Artificial intelligence is quietly becoming one of the most powerful tools for cybercriminals. In late 2025, researchers uncovered a phishing campaign attributed to the North Korean threat group Kimsuky, who used ChatGPT to generate realistic military ID cards embedded directly into phishing emails, allowing attackers to convincingly impersonate government entities.
With AI tools getting cheaper, better, and more accessible, deepfake attacks of this kind are expected to grow massively. The trend has already started, as the first quarter of 2025 saw more deepfake phishing and fraud incidents than the entirety of 2024.
So how exactly do criminals build these highly convincing deepfakes, and why is it more effective for them than traditional phishing? Let’s find out.
How Criminals Build a Realistic Deepfake in Minutes
Building a hyper-realistic deepfake is easier than ever. If you open ChatGPT or Gemini today and ask it to generate a fictional ID card, it can produce an image that looks identical to a real photograph. That’s exactly what criminals are doing, but it’s just the tip of the iceberg.
The most advanced deepfake impersonations rely on audio and video cloning. Thanks to the abundance of material all over social media from executives, government officials, and government figures, criminals have all they need to create the perfect deepfake.
With just 30 to 60 seconds of clean audio, modern voice-cloning models can generate a realistic replica of someone’s voice. Video deepfakes take it a step further. While they require a bit more training material, they allow attackers to completely recreate a person’s image, nailing it all the way down to facial expressions and lip mannerisms.
The output can be distributed as a pre-recorded message or even used during a live video or voice call, where real-time interaction makes the impersonation far more convincing and difficult to challenge.
What took criminals months and thousands of dollars to build can all be done with a $20 subscription to one of the mainstream AI models. All they need to do is feed the model the material and some prompts, and they get the ultimate phishing weapon. There are even dedicated phishing-as-a-service kits that can handle the entire campaign on behalf of malicious actors on a fully automated basis.
The Types of Deepfake Phishing Attacks Organizations Face
Attackers weaponize deepfakes in several ways. Typically, it’s a direct urgent request coming from a high authority figure. Common requests include approving a payment, sharing credentials, or bypassing a certain process to the benefit of the criminals.
This is nothing new, but when an employee receives a voice note from what sounds like their boss, they are way more likely to act on it compared to just receiving a text message.
More calculated deepfake attacks may involve synthetic personas, which are entirely AI-generated identities with a complete digital presence, including email accounts, profile photos, voice, video, and a believable online history. These are particularly popular on Linkedin, where attackers slowly build trust over weeks or months before initiating a scam.
Multi-Channel Delivery Methods
Perhaps what’s more important than building a deepfake is how to deliver it to victims.
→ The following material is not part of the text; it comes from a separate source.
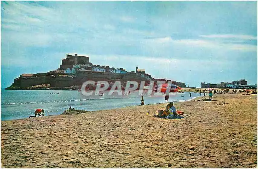 Cartes postales moderne Peniscola un coin de la plage et vue du rocher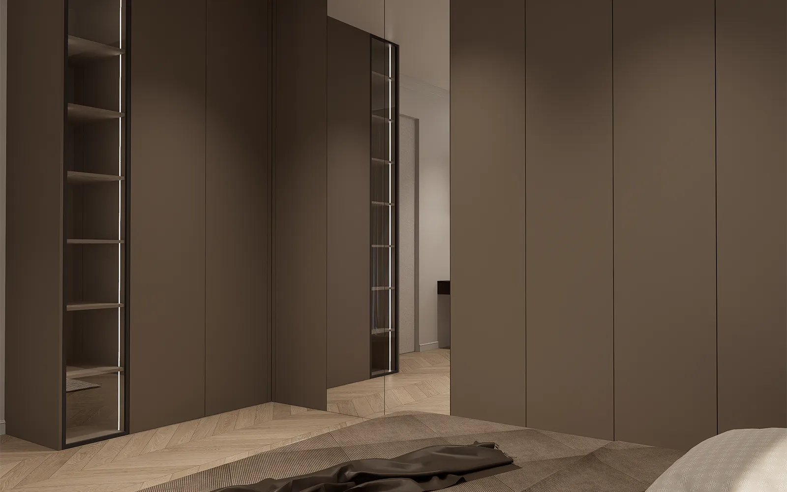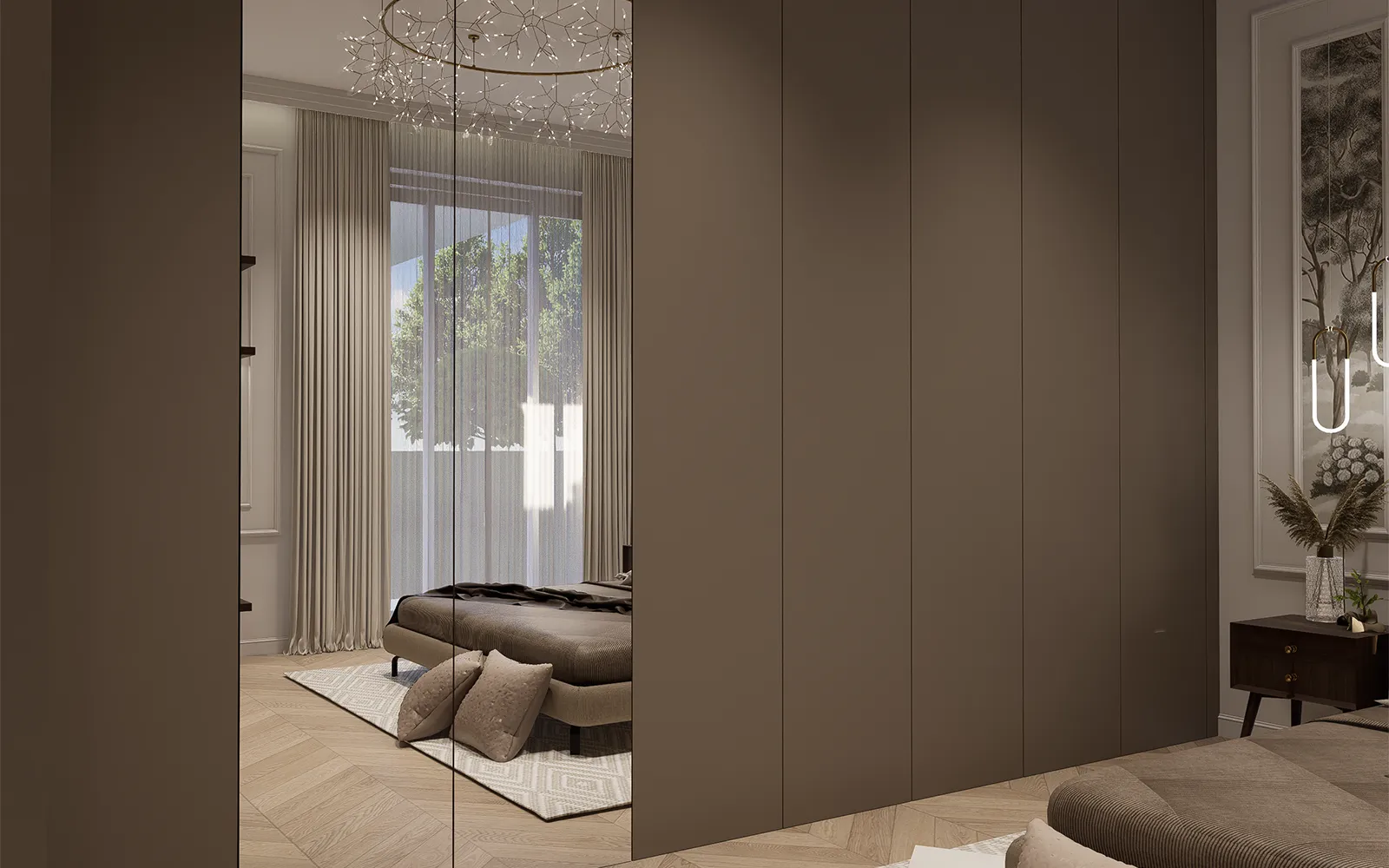 Uz krevet se nalazi klupica, čija je bočna strana osmišljena kao praktična polica za knjige. Nasuprot nje smješten je L-ormar u kašmir i bež tonovima. Ormar je ukrašen štukaturama i zlatnim ručkama, što dodatno naglašava eleganciju prostora.

Attackers are increasingly leveraging multiple communication channels to reach targets in environments where such requests feel normal, trusted, and expected. A scam may start off as an email and progress into a live Zoom video call where the deepfake can push the victim into action.
Criminals typically look to deliver their scams on platforms where targets feel comfortable and may even expect such communication. That’s why email and Linkedin are favored for the initial lure, while other popular communication tools may come into play later as well.
Artificial intelligence comes into play throughout the entire scam. It doesn’t just create the deepfakes, but also assists with other parts of the communication, including writing more convincing emails and simple messages that match the tone of the specific role or authority the attacker is impersonating.
Why Detection Tech Alone Doesn’t Save You
What makes deepfake attacks so dangerous is that they exploit the weakest link in any security program: human trust and decision-making. There is no technical safeguard for bad human choices. The only solution is to build awareness through ongoing phishing simulation training that touches on the exact deepfake and other scams employees may encounter.
Detection may help in the later stages of an attack, such as alerting about credential abuse. In other cases, like wire fraud, there may be no technical signal at all until the funds have already left the organization.
So, to effectively defend against modern deepfake attacks, prevention at the human decision point is critical.
Final Thoughts
Deepfake phishing attacks are the latest evolution of a threat that has challenged defenders for decades. By making scams more realistic and harder to detect, they place even greater pressure on what has traditionally been the weakest link in cybersecurity. With the right training and awareness, however, people can become the strongest link and a foundation of a resilient security culture across the organization.